UK dental and diabetic experts have welcomed the research, but say more work needs to be done before a link can be confirmed. The US researchers say that in people with periodontal disease, bacteria can enter the bloodstream and trigger a reaction from the immune system. Immune system cells release proteins called cytokines which have a damaging effect on the cells in the pancreas which produce insulin, the hormone which is key to diabetes.
Periodontal diseases may contribute to the progression to pre-diabetes, according to a new study that appears in the March issue of the Journal of Periodontology.
Pre-diabetes is a condition in which blood glucose levels are higher than normal, but not high enough to be diagnosed as diabetes. The American Diabetes Association estimates 54 million people in the United States have pre-diabetes, and a significant portion of those people will develop Type 2 diabetes within 10 years.
Researchers from Denmark investigated if having periodontal diseases can influence pre-diabetes and contribute to the progression of diabetes. They found that having periodontal disease can cause someone to develop pre-diabetic characteristics, and probably disturb the glucose regulation of a non-diabetic who has pre-diabetic characteristics, contributing to the progression of Type 2 diabetes. The study, conducted with rat models known to exhibit pre-diabetes characteristics, is believed to be the first to evaluate the relationship between periodontitis and pre-diabetes.

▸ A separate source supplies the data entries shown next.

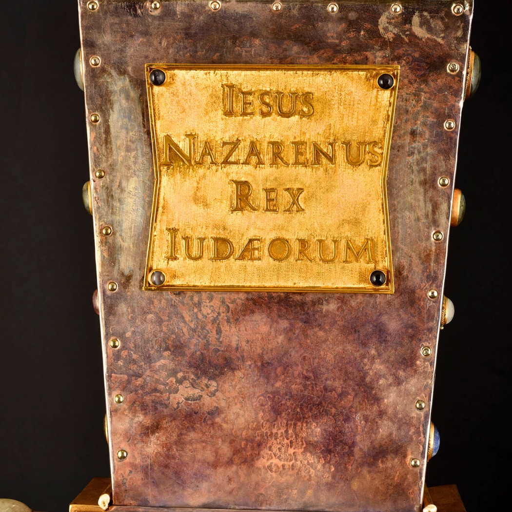 Grande croce astile in legno, rivestita da una lamina d’argento e impreziosita da elementi in tecnica cloisonné e pietre naturali.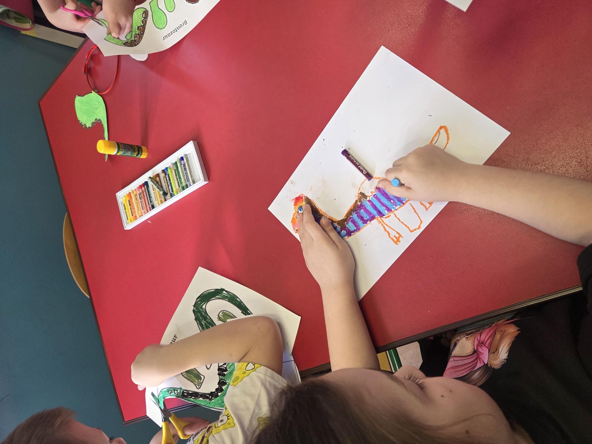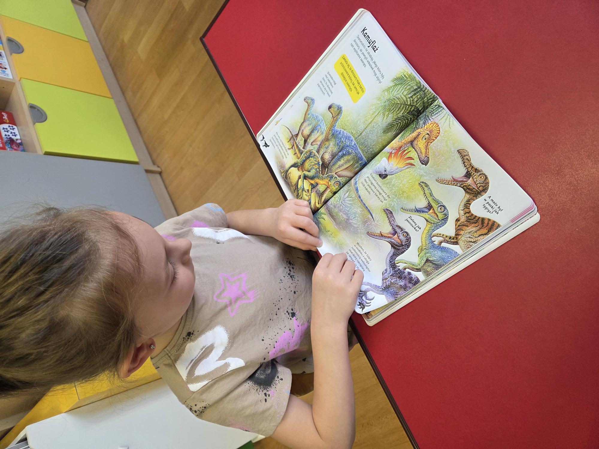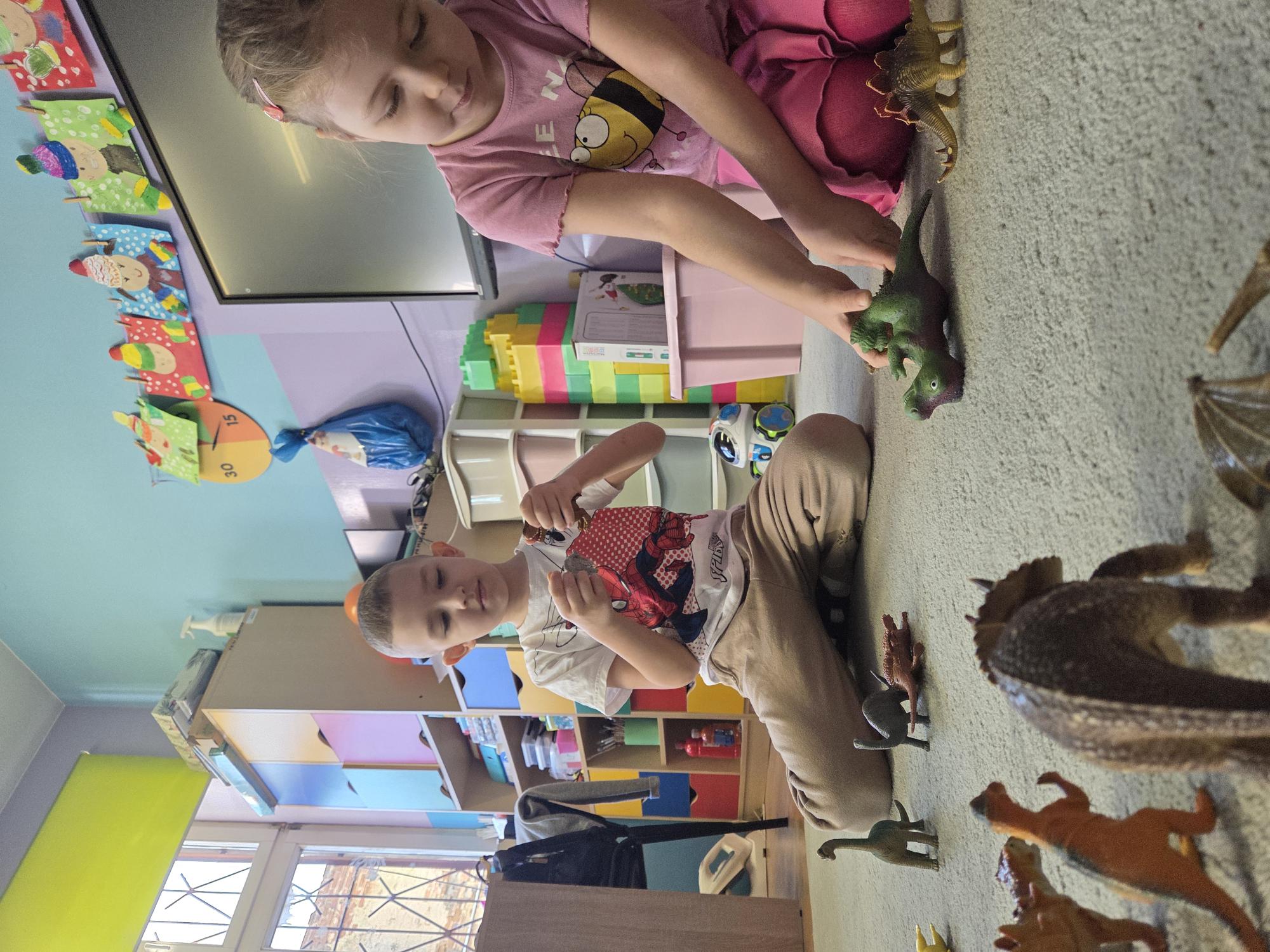 Dzieci poznały różne gatunki dinozaurów, dowiedziały się, czym się żywiły oraz jak wyglądało życie na Ziemi miliony lat temu. Podczas zajęć oglądaliśmy ilustracje i książki o dinozaurach, a także rozmawialiśmy o pracy paleontologów i o tym, w jaki sposób odnajduje się skamieniałości.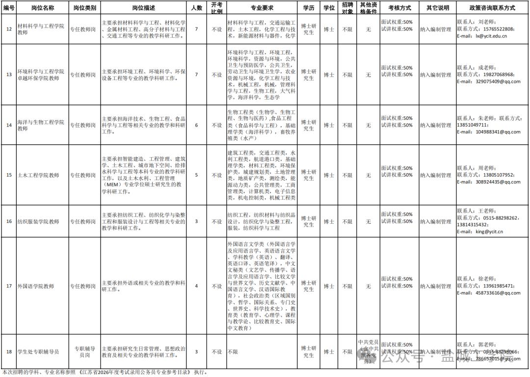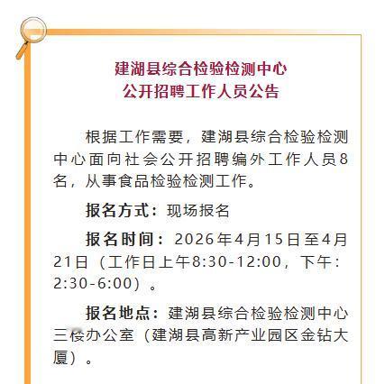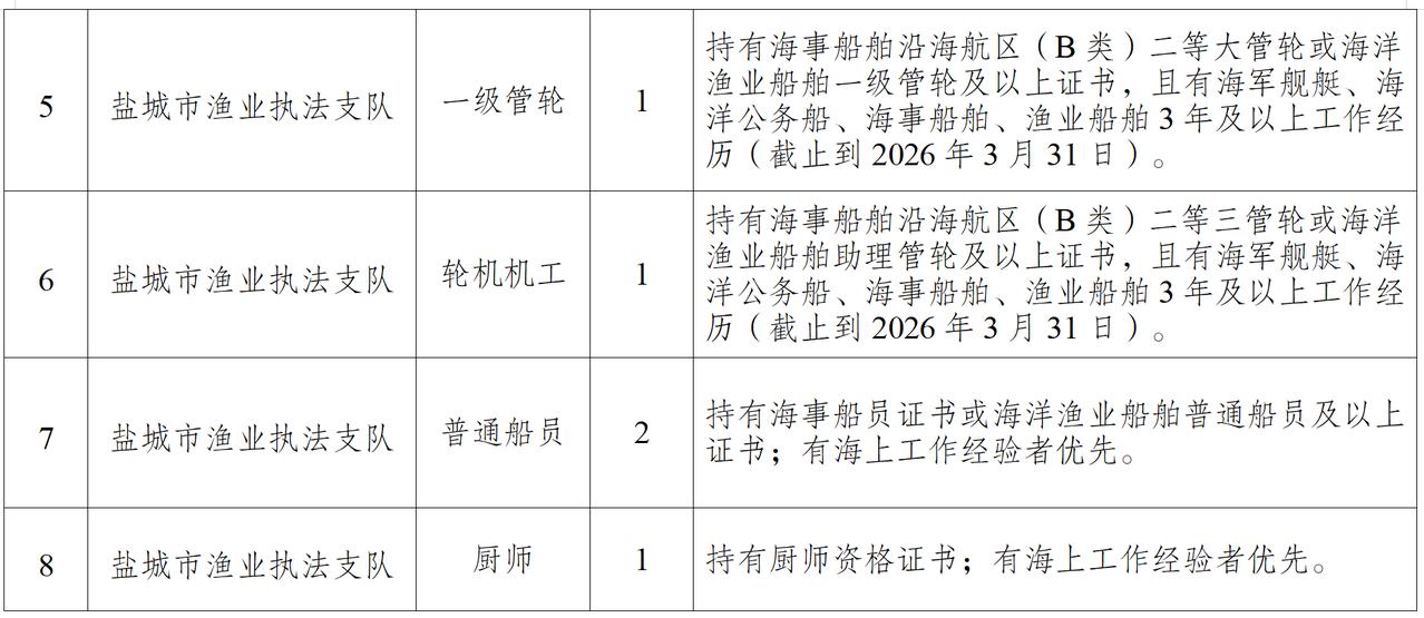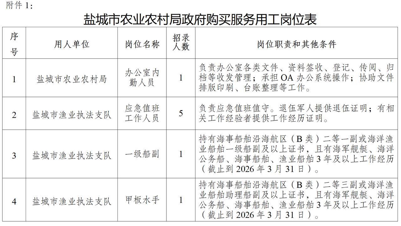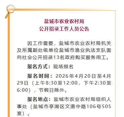 盐城最新招聘信息,包含三个单位:1、盐城工学院2026年第一批专业技术人员实行网上报名;2、盐城市农业农村局及市渔业执法支队招录13名政府购买服务人员;3、建湖县综合检验检测中心招聘8名编外食品检验人员。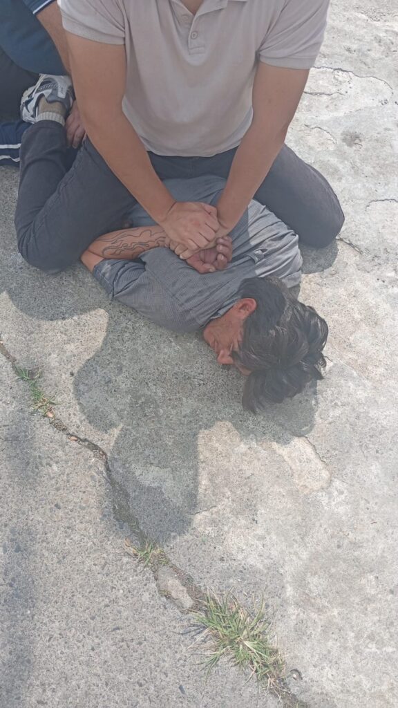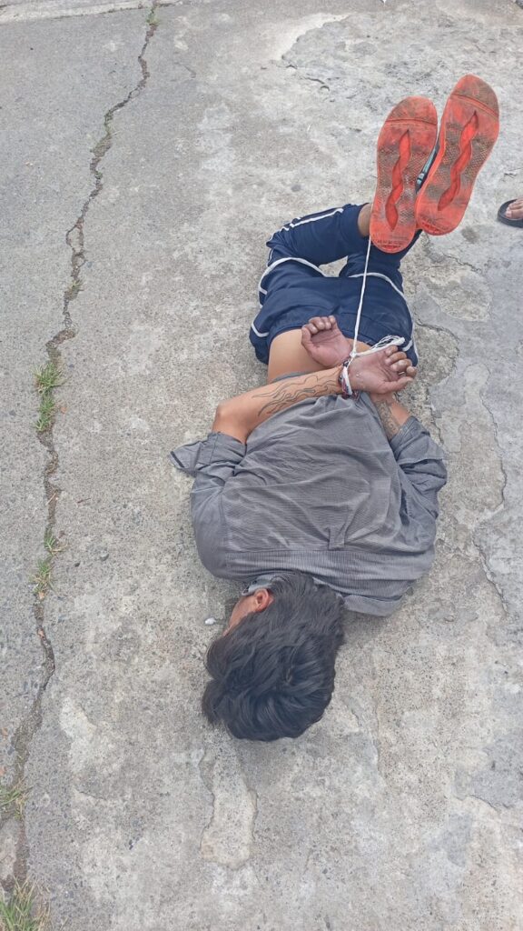 Tras ser alcanzado, fue sometido y atado de manos y pies, en espera de la llegada de las autoridades.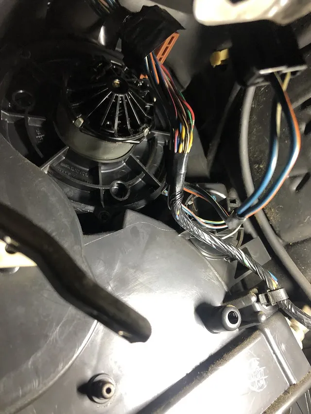 音の原因はブロアーモータとファンの取り付けが劣化と熱で破損してました

Department of Periodontology at the University of Copenhagen, Dr. Carla Pontes Andersen said:
This study found that having periodontal diseases can alter the metabolic conditions which would probably lead to the progression to pre-diabetic characteristics and Type 2 diabetes.
Also Dr. Preston D. Miller, Jr., President of the American Academy of Periodontology said:
We have known that people with diabetes are more susceptible to periodontal diseases and have more severe disease. This breakthrough research shows having periodontal disease may aggravate pre-diabetes which is a precursor for diabetes. These findings underscore the importance of taking good care of your teeth and gums: it may be a simple way to prevent diabetes, or to prevent the progression of diabetes.
Gingivitis, or inflamed gums, is periodontal disease in its mildest form. Caused by bacteria in plaque, it can be cured. But if it is left untreated it can develop into periodontal disease (gum disease).
Gaps can form between the teeth and gums, which may become infected, and in the most serious cases, teeth may have to be removed. Diabetes is a condition where the body is unable to regulate glucose properly; meaning levels in the blood can become too high. Insulin treatment helps the body control the levels of glucose in the bloodstream.
In these facts is needed to repeat, that people should maintain oral health by cleaning their teeth twice a day with fluoride toothpaste and visiting their dentist regularly.